Exercise aim: Pictures stay out of the copy; set down each line of the listing below exactly.

Raw data:
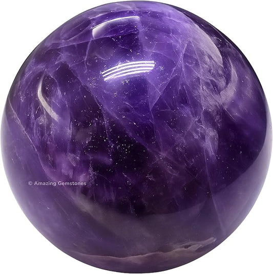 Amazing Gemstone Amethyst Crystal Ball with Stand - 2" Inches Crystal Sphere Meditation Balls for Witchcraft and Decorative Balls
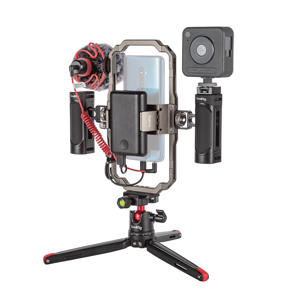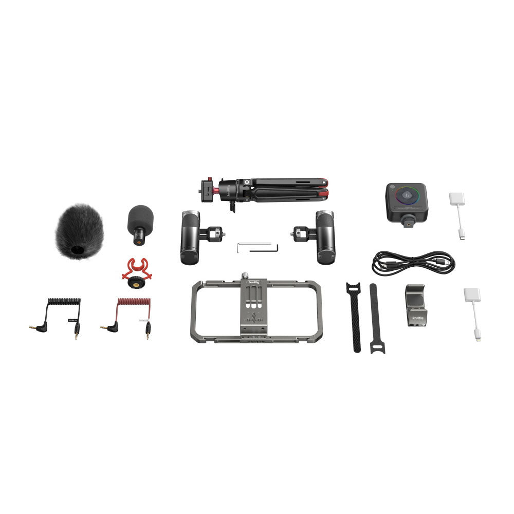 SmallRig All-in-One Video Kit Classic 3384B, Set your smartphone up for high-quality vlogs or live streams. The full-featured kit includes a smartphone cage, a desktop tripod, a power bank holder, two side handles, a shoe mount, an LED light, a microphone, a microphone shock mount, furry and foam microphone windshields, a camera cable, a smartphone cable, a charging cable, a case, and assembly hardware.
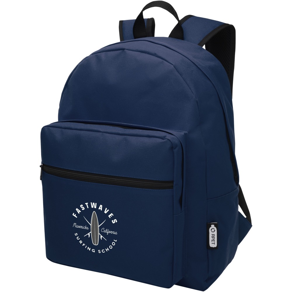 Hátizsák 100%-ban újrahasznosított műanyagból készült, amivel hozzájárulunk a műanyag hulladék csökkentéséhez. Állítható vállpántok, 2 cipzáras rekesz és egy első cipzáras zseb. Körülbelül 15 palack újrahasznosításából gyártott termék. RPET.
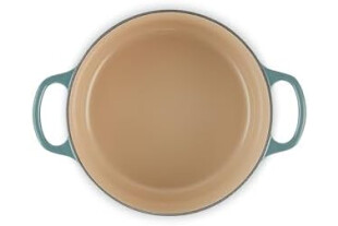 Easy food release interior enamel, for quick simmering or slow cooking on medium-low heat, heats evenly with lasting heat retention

Response for this exercise:
 Amazing Gemstone Amethyst Crystal Ball with Stand - 2" Inches Crystal Sphere Meditation Balls for Witchcraft and Decorative Balls
 SmallRig All-in-One Video Kit Classic 3384B, Set your smartphone up for high-quality vlogs or live streams. The full-featured kit includes a smartphone cage, a desktop tripod, a power bank holder, two side handles, a shoe mount, an LED light, a microphone, a microphone shock mount, furry and foam microphone windshields, a camera cable, a smartphone cable, a charging cable, a case, and assembly hardware.
 Hátizsák 100%-ban újrahasznosított műanyagból készült, amivel hozzájárulunk a műanyag hulladék csökkentéséhez. Állítható vállpántok, 2 cipzáras rekesz és egy első cipzáras zseb. Körülbelül 15 palack újrahasznosításából gyártott termék. RPET.
 Easy food release interior enamel, for quick simmering or slow cooking on medium-low heat, heats evenly with lasting heat retention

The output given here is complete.